Write exactly the lines running from the start of the material below to the line that includes "Thượng tướng Võ", and include no pictures.

***

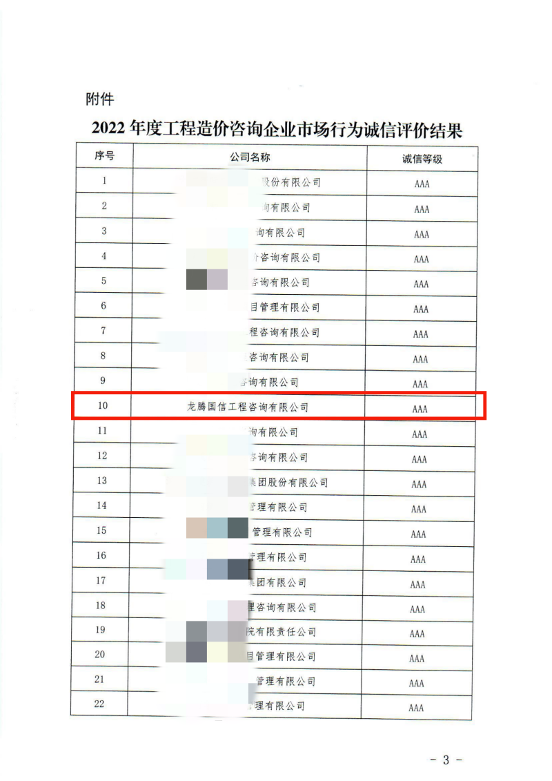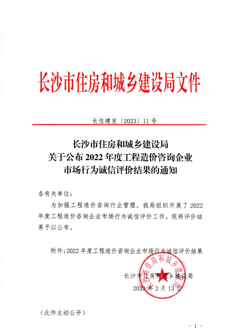 近日,長沙市住房和城鄉(xiāng)建設局為加強工程造價咨詢行業(yè)管理,組織開展了2022年度工程造價咨詢企業(yè)市場行為誠信評價工作,我單位獲評“2022年度工程造價咨詢企業(yè)信用等級AAA”。
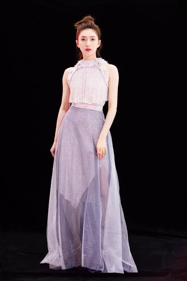 長腿適合長裙,淡紫色的款式,顯得仙氣十足,同時透視效果,吸引大家眼球,看起來性感十足,讓大家格外喜歡。
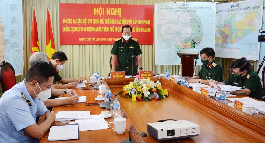 Thượng tướng Võ Minh Lương, Ủy viên Trung ương Đảng, Thứ trưởng Bộ Quốc phòng, Tổ trưởng Tổ công tác đặc biệt của Chính phủ về PCD Covid-19 tại các tỉnh phía Nam chủ trì hội nghị.
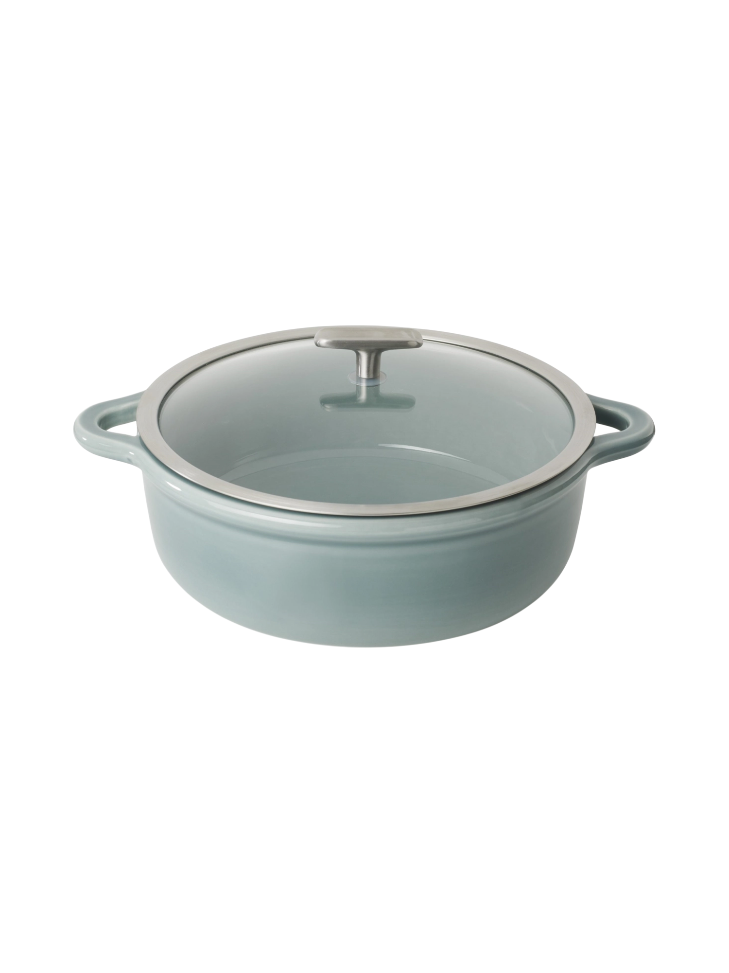 Ihr markantes Merkmal ist das umlaufende Band, das für eine runde, einladende Form sorgt und nahtlos in die robusten Ein-Griff-Henkel übergeht. Der Deckel verfügt über eine integrierte „Pool“-Vertiefung, die den Griff schützt, während innenliegende Noppen Kondenswasser gleichmässig verteilen – für saftige und aromatische Gerichte.
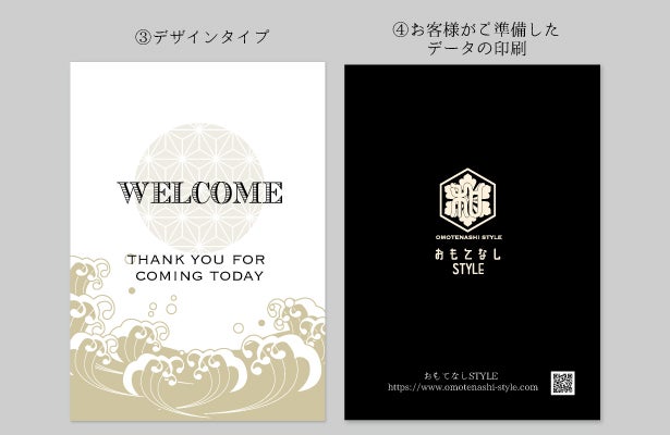 【1.SNSパネル】FaceBook、インスタ、ツイッターなどの窓空きパネル、海外逮捕写真撮影などのパロディなど【2.メッセージタイプ】頂いたメッセージをテンプレートにいれて印刷致します。【3.デザインタイプ】どのシーンにも合う「WELCOME」の和風デザイン【4.お客様デザイン】社名・ロゴ・屋号デザイン+メッセージをレイアウトさせていただきます。※新規のデザイン制作は別途料金が発生いたします。※ご注文後、ご注文確認メールをお送りしますので、印刷する内容をご返信メールにてお申し付けください。メッセージをご希望でない方は無地でお届け致します。
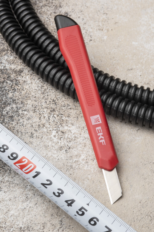 Ножи строительно-монтажные со сменными выдвижными сегментированными и трапециевидными лезвиями EKF серии MASTER и EXPERT служат для резки различных строительных материалов (линолеум, ковровые покрытия, обои, гипсолитовые плиты, гипсокартон, кровельные материалы, пластик, дерево, макетных работ). Могут применяться как в бытовых условиях, так и профессионалами. Прочный металлический корпус со вставками из резины и пластика позволяет прикладывать значительные усилия при резе. Обрезиненный корпус обеспечивает крепкий и надежный хват без опасения соскальзывания руки в зону реза. Фиксаторы различной конструкции надежно удерживают лезвие при работе с большими усилиями. Ассортимент сменных лезвий, выполненных из высокопрочной инструментальной стали долго держат заточку и сохраняют высочайшую режущую способность инструмента. Увеличенное с 7 до 14 число ломающихся сегментов лезвий удваивает ресурс инструмента.
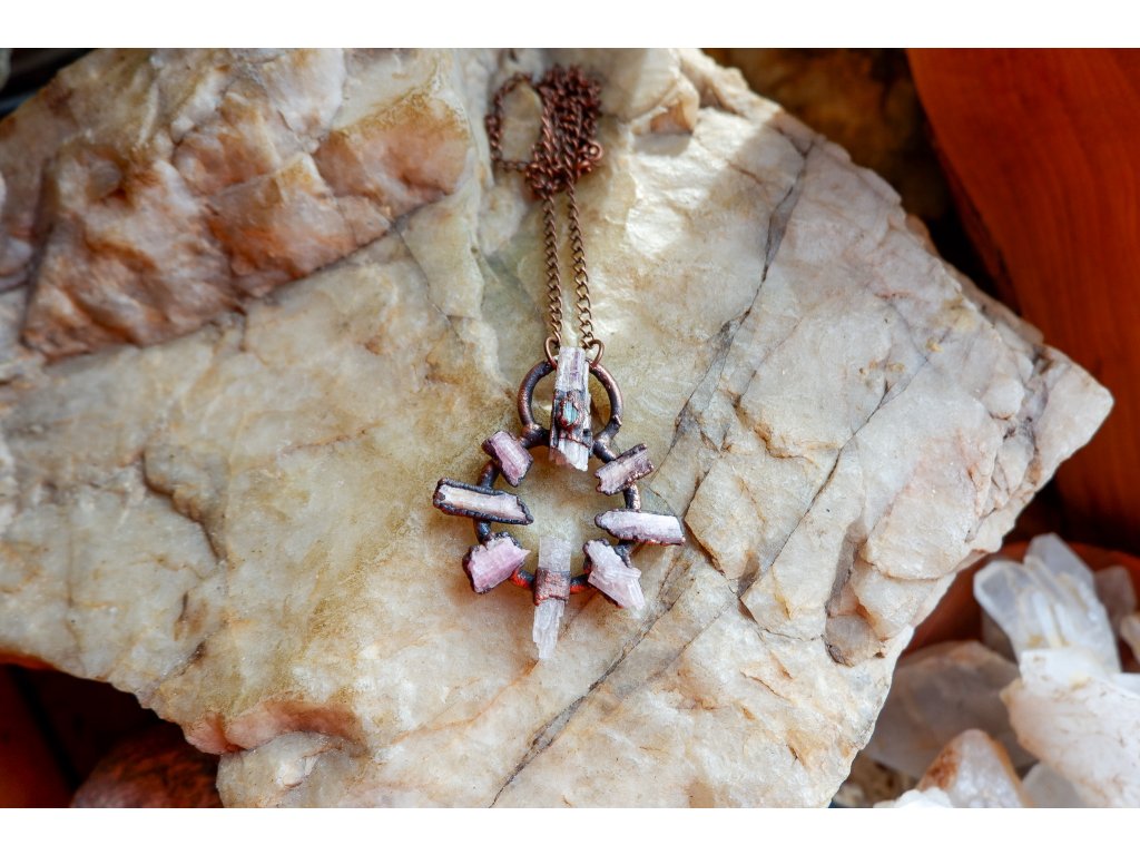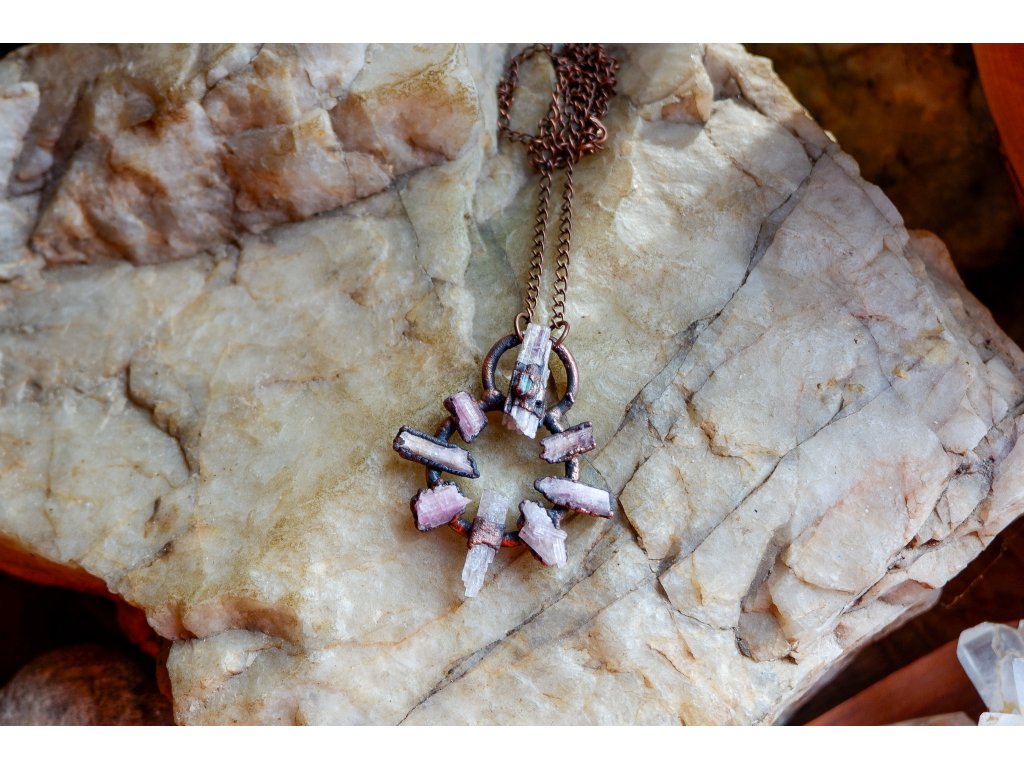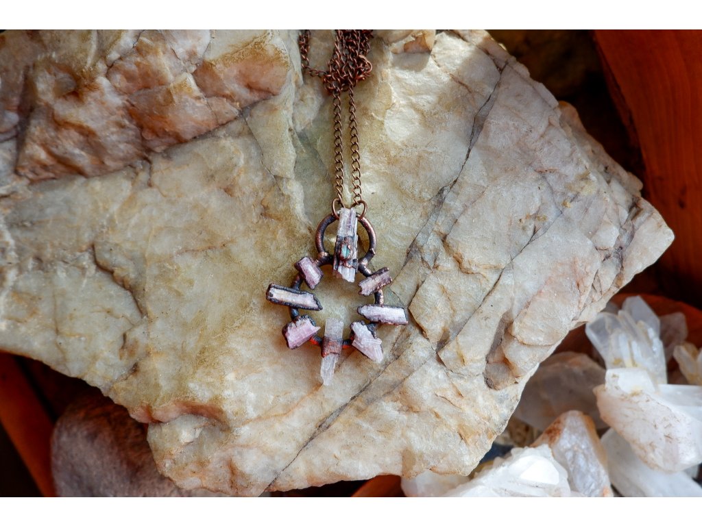 Přívěsek je vytvořený galvanizační technikou (electroforming) z mědi, růžového a zeleného turmalínu.

***

*Written solution*:
 近日,長沙市住房和城鄉(xiāng)建設局為加強工程造價咨詢行業(yè)管理,組織開展了2022年度工程造價咨詢企業(yè)市場行為誠信評價工作,我單位獲評“2022年度工程造價咨詢企業(yè)信用等級AAA”。
 長腿適合長裙,淡紫色的款式,顯得仙氣十足,同時透視效果,吸引大家眼球,看起來性感十足,讓大家格外喜歡。
 Thượng tướng Võ Minh Lương, Ủy viên Trung ương Đảng, Thứ trưởng Bộ Quốc phòng, Tổ trưởng Tổ công tác đặc biệt của Chính phủ về PCD Covid-19 tại các tỉnh phía Nam chủ trì hội nghị.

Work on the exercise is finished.